Primary LanguageJupyter Notebook

Header Image Source: freepik

Microsoft Studios Movie Analysis

August 2021

Allison Gao, Ronak Parekh, Meaghan Ross

General Overview

This analysis uses historical data on movies released in the past 10 years to provide insight for Microsoft Corporation seeking to enter the movie industry. An exploratory data analysis shows that genre selection and movie release time are important factors to consider while production budget needs to be analyzed within the context of genre selection. Microsoft Corporation can use this project’s findings to inform its business decision with respect to its entry into the movie industry.

Business Understanding

Using return on investment (ROI) as the metric for evaluation, Microsoft needs to consider various factors relating to movie production that affect ROI. In particular, Microsoft should consider variables that can help increase ROI. Such a strategy will help minimize financial risk for the corporation who is new to the movie industry.

Data

Data Source

This project utilized two datasets from IMDb and one dataset from the-numbers.com. After merging these datasets, they collectively contained information on movie title, genre, release date, runtime, rating, production, and domestic and worldwide gross income for movies released in the past 10 years.

Data Shape

The IMDb dataset that contains movie title and genre information has 146,144 rows while the other IMDb dataset on consumer rating has 73,856 rows. Additionally, the dataset from the-numbers.com containing information on production budget and gross income has 5,782 rows. Each row represents a movie.

Data Preparation

We cleaned each dataset before merging them for analysis. Our cleaning process focused on eliminating rows that contain null values, duplicated rows, and outliers. We also created additional columns that are needed for analysis. This included the profit and return on investment columns using existing information on production budget and gross income. Additionally, the original dataset combined multiple genres together for a significant amount of movies, limiting our ability to analyze movies by individual genre type. As a result, we split those containing multiple genres into individual genres. Furthermore, we also filtered our data to only look at movies that returned positive ROI, an indicator of financial success. Given that our metric for analysis is ROI, we want to base our recommendation on positive financial success.
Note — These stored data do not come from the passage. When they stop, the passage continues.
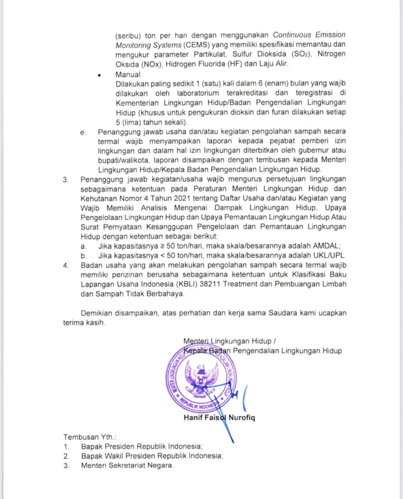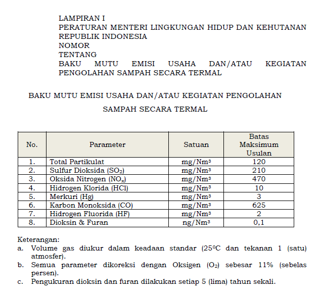 Berdasarkan arahan Menteri LHK, insinerator tidak dilarang selama memenuhi regulasi, yaitu: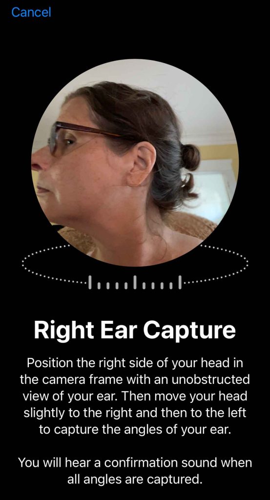 - Continue following the on-screen steps to capture your right and left ears. Move your head to the left and right slowly.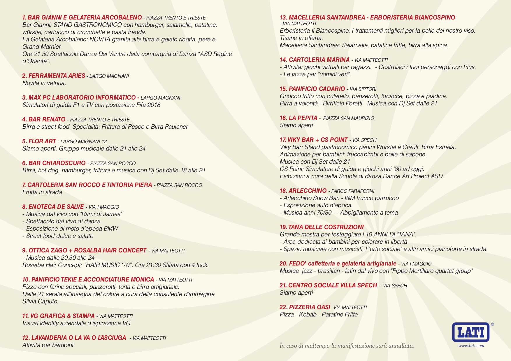 La festa, organizzata dal Comune in collaborazione con esercenti e commercianti, proporrà tantissimi eventi in tutto il paese con concerti, danza, animazione per bambini e street food, ma anche una mostra d’arte alla Tana delle costruzioni, simulatori di guida, esposizioni di auto e moto d’epoca.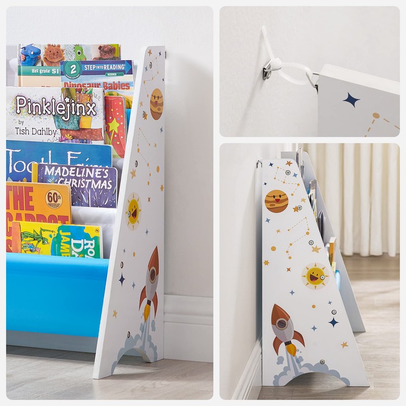 **Practical and Space-Saving** With this bookcase, you don’t need to organize your kids’ books, as it will attract them to do it by themselves. With a large storage capacity on 4 levels, it saves space in children's rooms, playrooms and living rooms as well as in daycare centers and nursery schools. **Towards New Explorations** This bookcase accompanies your kids as they grow up while attracting them to read. The height makes books always within kids’ reach. Shelves of different colors help them identify, sort and better organize their favorite books. The outer space themed patterns foster their exploration spirit, strengthen their interest in the world and stimulate their creativity. **Specifications:** \- Color: White, Blue, Gray \- Material: Particleboard, Polyester \- Product Size: 24.6”L x 11”W x 23.6”H (62.5 x 28 x 60 cm) \- Product Weight: 5.5 lb (2.5 kg) **Package Contents:** \- 1 x Bookcase \- 1 x Accessory Kit \- 1 x Instructions **SONGMICS Notes:** \- Do not wash the product with water, except the fabric. Clean it with a damp cloth and air dry.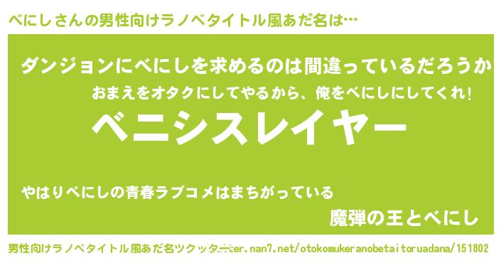 | 胡散臭い通販商品みたいなあだ名 | 『信頼と実績のペンダント…その名も「べにし」』 |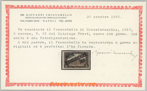 Philately. Pof.117, 5 Koruna brown, overprint type I.; hinged, exp. Vrba, fine piece (Image) (Image2)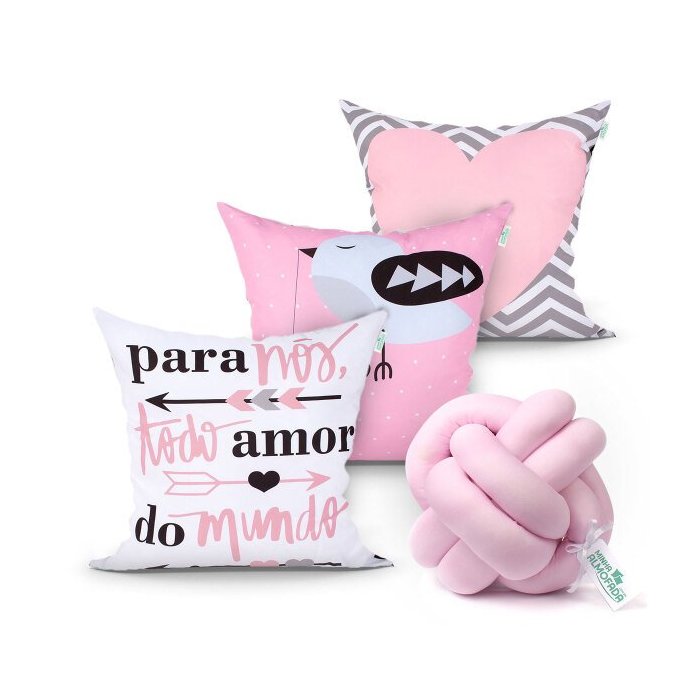 Kit Almofada para Cama Estampada Decorativa Rosa 3 Unidades 45cm x 45cm com Refil + Almofada Nó Esca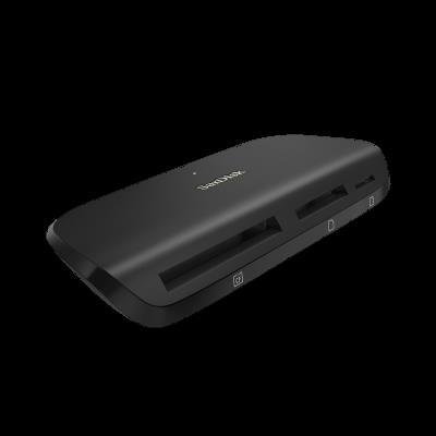 El lector y grabador multitarjetas SanDisk ImageMate® PRO USB-C™ funciona con tarjetas SD™ y microSD™ (UHS-II, UHS-I y no UHS), así como con tarjetas CompactFlash® (hasta UDMA 7). Ofrece un rendimiento elevado, con velocidades de hasta 312 MB/s en tarjetas SD y microSD, y de hasta 160 MB/s en tarjetas CompactFlash.1 Además, este lector tiene una interfaz USB 3.0 capaz de mover contenido hasta diez veces más rápido que con una interfaz USB 2.01, para que puedas acceder a tus fotos rápidamente. También es compatible con versiones anteriores, como USB 2.0, lo que lo convierte en la opción ideal para crear un flujo de trabajo más eficaz.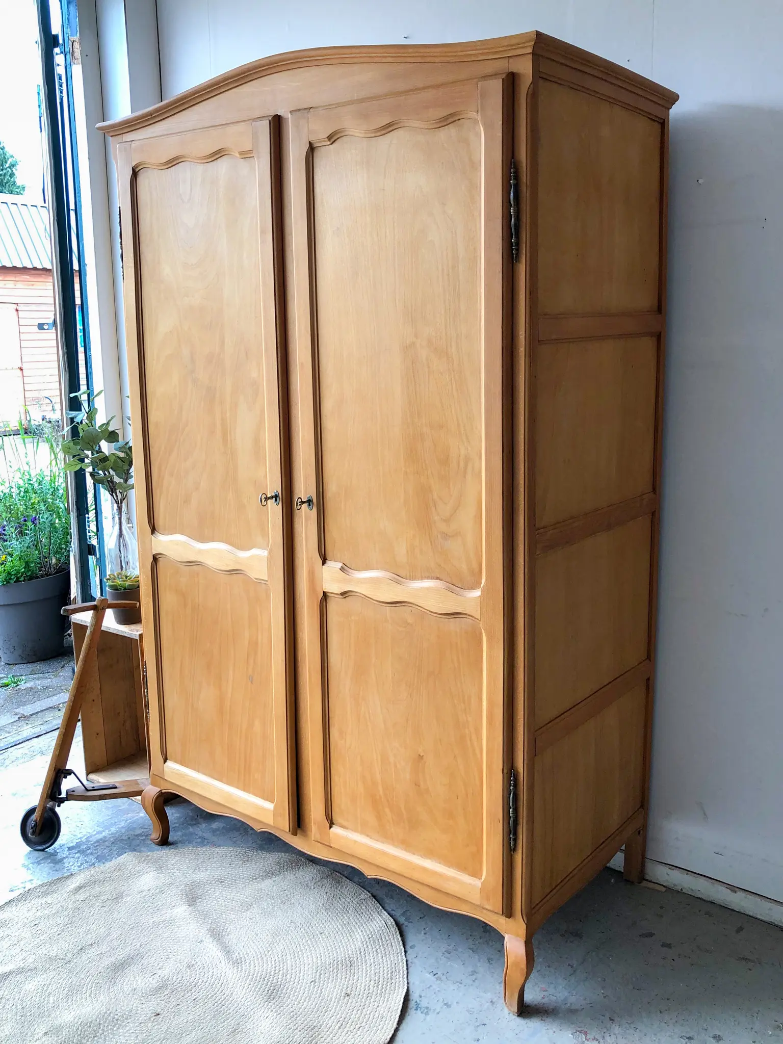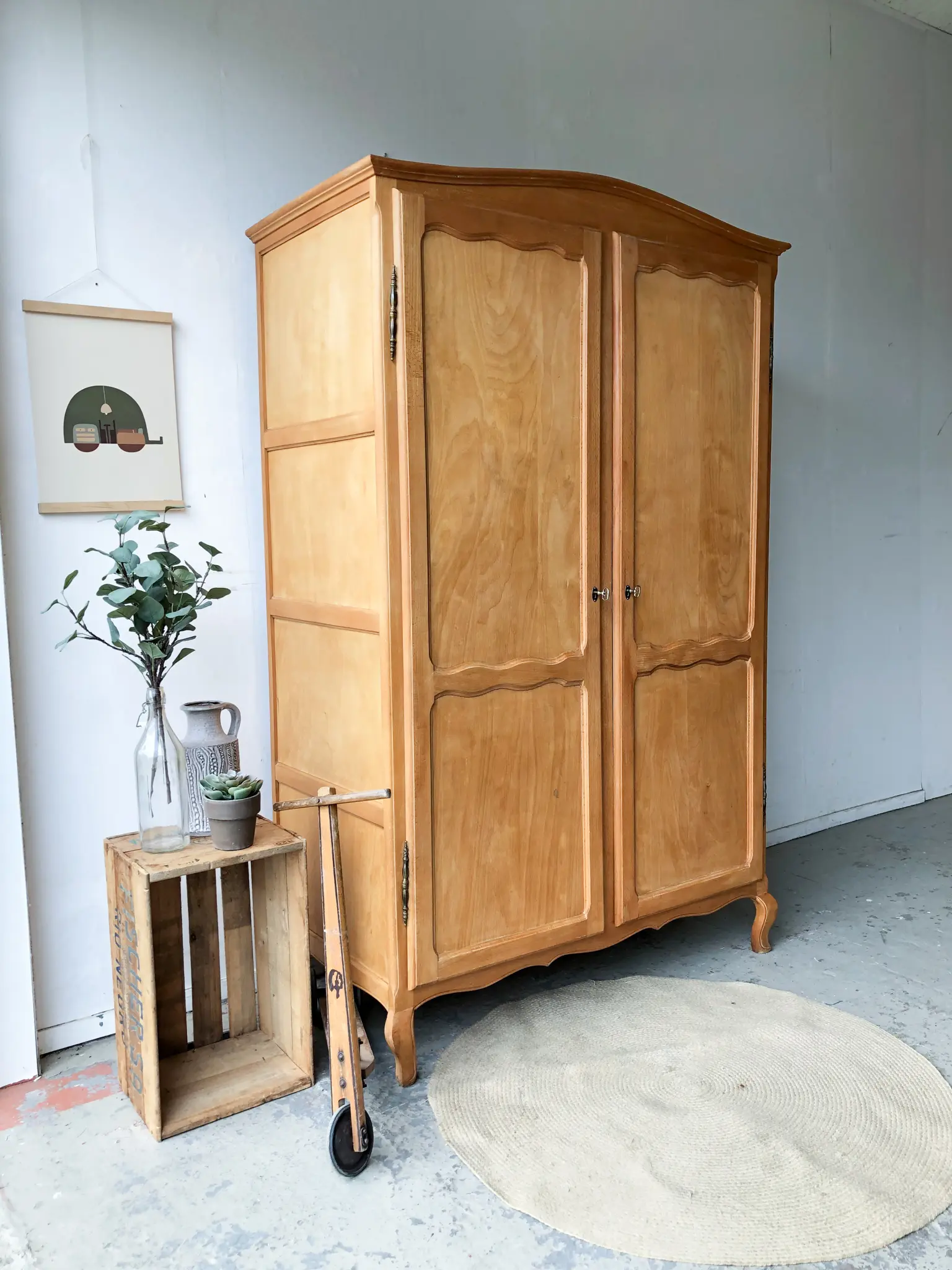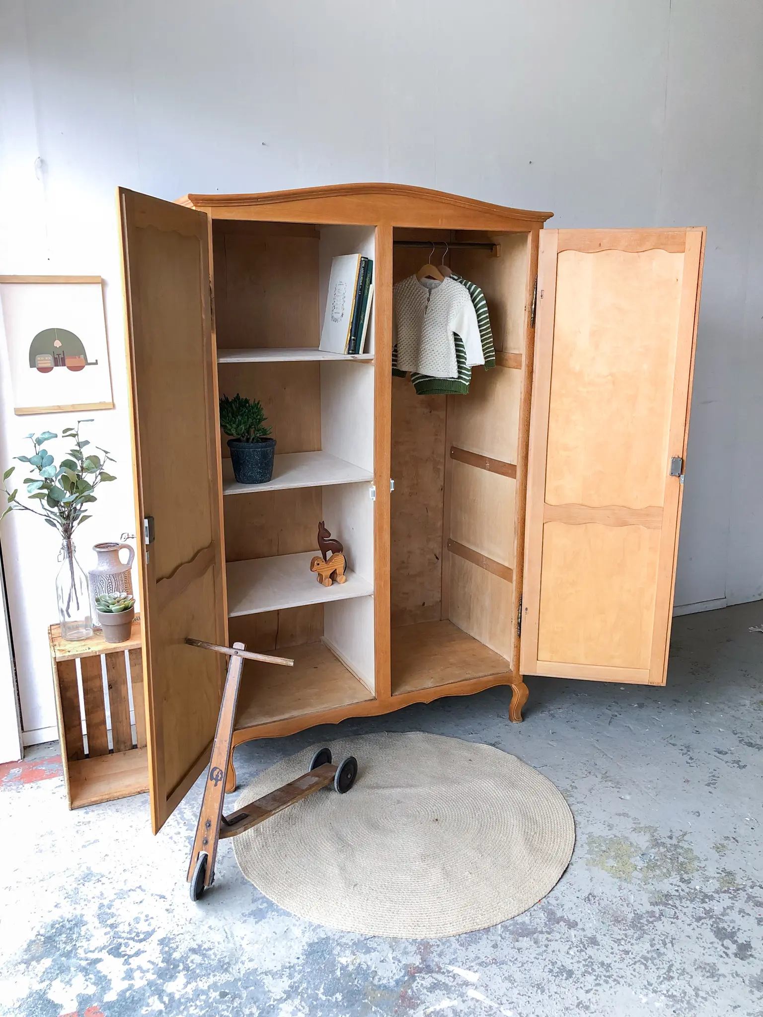 Dit soort kasten komen we in verschillende vormen en maten tegen. Het zijn ideale kasten voor op de kinderkamer. Deze had zo’n mooie houtkleur, dat we het eigenlijk zonde vonden hem te schilderen. Dus besloten we hem zo te laten! Na de grondige schoonmaakbeurt heeft hij een behandeling gehad tegen houtworm. Vervolgens hebben we hem een nieuwe indeling gegeven. Een tussenschot in het midden, drie planken achter de linker deur (berken multiplex) en een roede rechts. De kast is diep genoeg voor ook de wat grotere hangers. We hebben hem behandeld met een voedende olie en hij heeft twee nieuwe sleutelplaatjes. De sleutels werken niet optimaal, vandaar dat beide deurtjes sluiten met een magneetje. Et voilà, klaar is kees!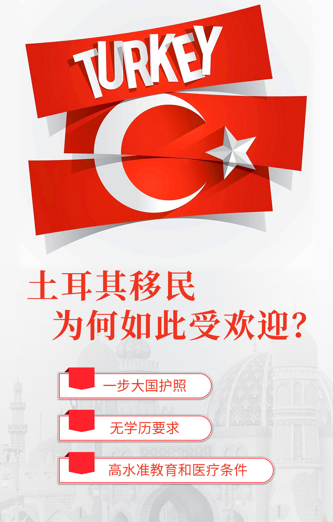 土耳其移民項目,允許外國人通過投資獲得土耳其公民身份。是手續簡便,對申請人自身要求不高的移民項目。收到移民者歡迎的原因,可以歸結爲以下幾點(diǎn):一.優越的地理位置:土耳其地處(chù)歐亞非三大陸交彙處(chù),擁有得天獨厚的地理位...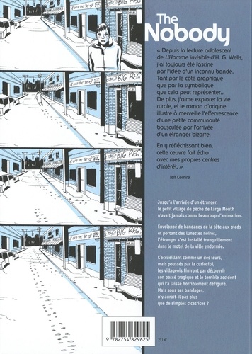 La petite ville de Large Mouth n'a jamais connu beaucoup d'agitation... du moins jusqu'à l'arrivée de Griffen, un étranger recouvert de bandages de la tête aux pieds. Poussée par la curiosité, une jeune fille nommée Vickie découvre l'histoire tragique de cet homme et de l'étrange accident qui l'aurait défiguré. Mais ces bandages ne cachent-ils que des cicatrices ? Il suffit d'une disparition pour que la population se retourne contre Griffen, pour qu'il soit traqué, qu'on menace de le démasquer et de dévoiler tous ses secrets. L'auteur revisite, avec une véritable malice, le mythe de l'Homme invisible mais enrichit son récit avec un aspect plus dramatique ; il en fait un prisme, un révélateur de l'identité, des peurs et de la paranoïa pouvant détruire une petite communauté.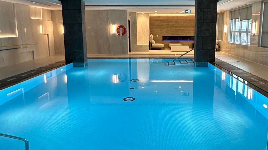 • Exclusive amenities include fitness room, sauna, and outdoor pool.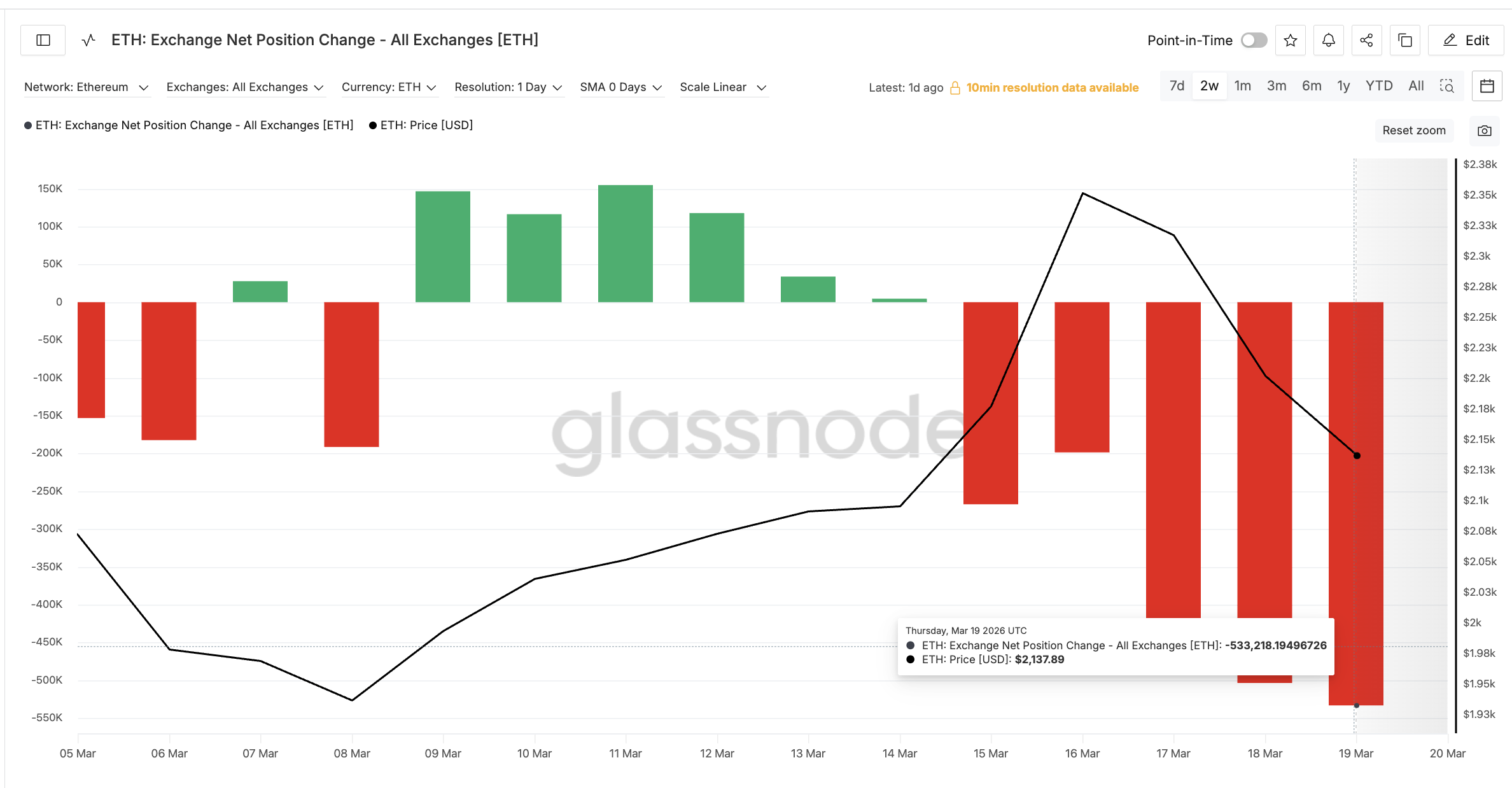 19. mars nådde den samlede nettoposisjonsendringen for ETH over alle børser -533218, ifølge Glassnode. Dette er den største nettoutstrømningen på en enkelt dag på over to uker.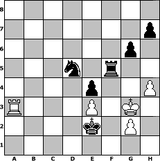 Partie-Notation im PGN-Format [Event "1. Weltmeisterschaft @ myschach.de"] [Site "www.mySchach.de"] [Date "2006.09.15"] [Round "1"] [White "MartinSilies"] [Black "Bauer91"] [ECO "B07"] [WhitemyELO "1547"] [BlackmyELO "1495"] [Result "0-1"] [TimeControl "10/2592000"] [WhiteDays "091"] [BlackDays "141"] [MySchachNr "28475"] 1. e4 d6 2. d4 g6 3. Nf3 Bg7 4. c3 Bg4 5. h3 Bxf3 6. Qxf3 c6 7. Bc4 f6 8. O-O Nh6 9. Bxh6 Bxh6 10. e5 fxe5 11. Qf7+ Kd7 12. dxe5 Kc8 13. Be6+ Kc7 14. Rd1 d5 15. Bxd5 cxd5 16. Rxd5 Qe8 17. Rc5+ Nc6 18. Qc4 e6 19. b4 a6 20. Na3 Bf8 21. Ra5 Kb8 22. Ra4 Nxe5 23. Qd4 Nf7 24. b5 axb5 25. Rxa8+ Kxa8 26. Nc2 e5 27. Qb6 Qc6 28. Qxc6 bxc6 29. a4 Kb7 30. axb5 cxb5 31. Ne3 Bc5 32. Rb1 Kc6 33. Kf1 Ra8 34. c4 Bxe3 35. cxb5+ Kb6 36. fxe3 Rc8 37. Ke2 Rc2+ 38. Kf3 Rc5 39. Rd1 Kxb5 40. Rd7 Ng5+ 41. Kg4 Ne4 42. Kf3 Nf6 43. Rf7 e4+ 44. Kg3 Rf5 45. Rb7+ Kc4 46. h4 Kd3 47. Rb3+ Ke2 48. Ra3 Nd5 0-1 Stellungs-Notation im FEN-Format 8/7p/6p1/3n1r2/4p2P/R3P1K1/4k1P1/8 - - - 5 49 Geschlagene Figuren Weiss: ![]() ![]() ![]() ![]() ![]() ![]() ![]() ![]() ![]() ![]() ![]() ![]() ![]() ![]() ![]() Geschlagene Figuren Schwarz: ![]() ![]() ![]() ![]() ![]() ![]() ![]() ![]() ![]() ![]() ![]() ![]() ![]() ![]() ![]() Klicken Sie auf eine geschlagene Figur um den gewünschten Zug darzustellen!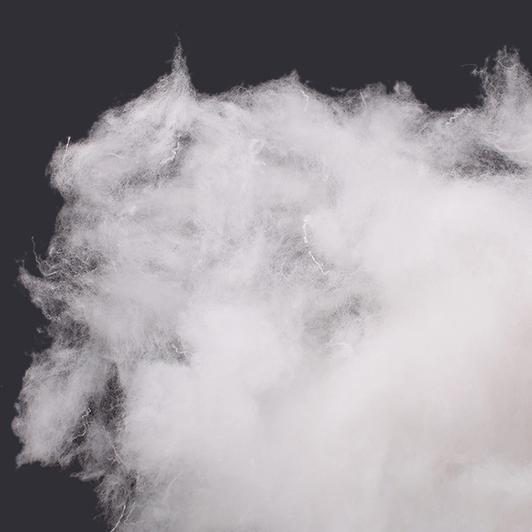 PP cotton filling is a synthetic material made from polypropylene fibers, belonging to chemical fiber products. It has good air permeability but relatively poor moisture absorption. It may feel stuffy when used for a long time, and some people with sensitive skin may experience slight discomfort. It’s soft and elastic, but it tends to flatten and lose elasticity after long-term use, requiring regular patting to restore its shape.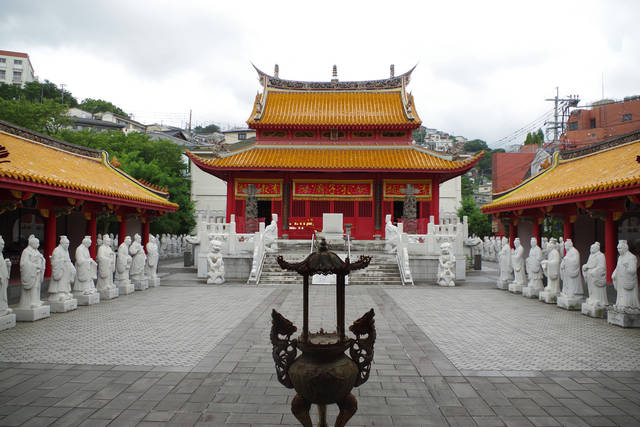 意匠を凝らした屋根瓦や、実物大の七十二賢人の石像など、見どころいっぱいのスポットです。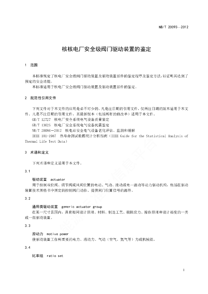 NB/T 20093-2012 核电厂安全级阀门驱动装置的鉴定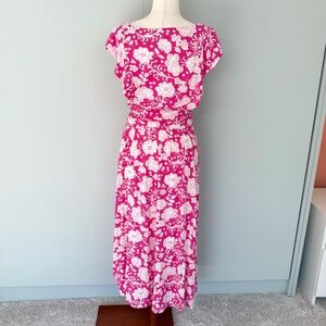 BODEN Adelina Jersey Midi Dress in Pink Floral J0164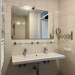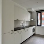 Binnenkomst in de hal, met toegang tot de eerste slaapkamer aan de voorzijde. Vanuit de hal bereik je tevens de inpandige berging met aansluiting voor de wasmachine. De ruime en lichte woonkamer is voorzien van een moderne open keuken, uitgerust met een koel-vriescombinatie, vaatwasser, combimagnetron, inductiekookplaat en motorloze afzuigkap. Vanuit de woonkamer kom je in een tweede hal, die toegang biedt tot de tweede slaapkamer, het separate zwevende toilet met fonteintje en de volledig betegelde badkamer. Deze is ingericht met een verbrede wastafel met twee kranen, een grote spiegel, handdoekenradiator en een comfortabele inloopdouche.
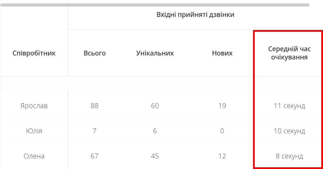 Ще варіант — подивитися звіт з ефективності працівників, якщо його надає ваша віртуальна телефонія. В такому звіті має бути видно, скільки кожен з операторів в середньому тримає клієнтів на лінії.

At the end of the cleaning and merging process, the data had 1357 movies released in the past ten years for analysis.

Data Analysis

This project used exploratory data analysis to generate summary statistics of various variables in the dataset. Anchoring our analysis on potential movie genres that Microsoft should consider, we examined how Microsoft can maximize ROI with respect to other factors. In particular, we focused on the following variables: release date, production budget, and worldwide gross.

Results

Question 1: Which genres generate the highest average ROI?

Header Image

By looking at movies from 2010 on, grouping them by genre indicators, and calculating the mean return on investment, we found these results as represented by the bar chart. The top three genres that generated the greatest ROI in descending order are horror, mystery, and thriller.

Question 2: What time of year should a movie be released for the greatest mean ROI?

Header Image

When examining release month with respect to the top three genres as a whole, October, May, and January had the greatest mean ROI compared to other months of the year.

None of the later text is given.